Philadelphia City Council proposes plastic bag ban, 15-cent fee on all other bags

Councilmember Mark Squilla introduced the legislation Thursday. It follows years of failed attempts to pass similar ordinances

Government Plastics
plastic shopping bag laws Juan Pablo Arenas/Pexels.com

Philadelphia City Councilmember Mark Squilla proposed a new bill Thursday that represents the latest in a lineage of attempts to ban single-use plastic bags in the city.

Philadelphia City Councilmember Mark Squilla introduced a city-wide plastic bag ban Thursday, with a bill proposing a ban on single-use, plastic bags and a 15-cent fee on all other bags.

Squilla's interest in introducing a new, passable bill was reported back in late February, after attempts at a similar ban failed in 2007, 2009, 2012, and 2015.

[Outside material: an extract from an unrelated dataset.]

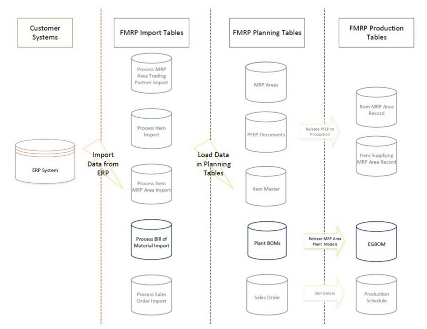 The process of creating EGBOM records requires using the MRP Area Plant Models session to release plant bill of materials to the EGBOM table. By releasing the plant BOMs to the EGBOM table, we are defining the specific parts needed to build each specific model. EGBOM records can be created using the MRP Area Plant Models session or the MRP Area Models session. The session you will need to use will depend on how your BOM has been imported and stored in FMRP. If you are not sure, please contact an Administrator for assistance.

“Single-use bags add to blight to our communities and are a threat to our environment/planet, forcing the city to spend millions of taxpayers’ dollars per year to clean up these bags from our neighborhoods and extract them from our waterways and sewer lines,” Squilla told the Clean Air Council on Thursday. “This money could fund our school system, our parks, or any number of needed programs instead of paying to clean up items that are only used for a few minutes yet last forever.”

The ban would apply to supermarkets, convenience stores, service stations, department stores, dollar stores, clothing stores, restaurants, food trucks, farmers' markets, dry cleaners, and delivery services, according to the Inquirer.

The Clean Air Council says the city of Philadelphia uses roughly one billion single-use plastic and paper bags each year, between permanent residents and visitors like tourists and commuters.

"That is an astonishing amount of waste," Clean Air Council Staff Attorney Logan Welde said Thursday, "and this legislation will likely reduce single-bag usage by almost 85%.”

PennEnvironment, a Pennsylvania-focused organization which advocates for cleaner air and cleaner water, applauded the bill Thursday, calling single-use, plastic bags a pervasive plague and "the poster child for the environmental harm caused by single-use plastics."

Earlier this week, the state of Vermont adopted a plastic bag ban which National Geographic called the most comprehensive plastics ban in the country.

As for these types of bans' effectiveness, a University of Sydney economist told NPR in April that an added fee for plastic use is probably a better solution than a total ban.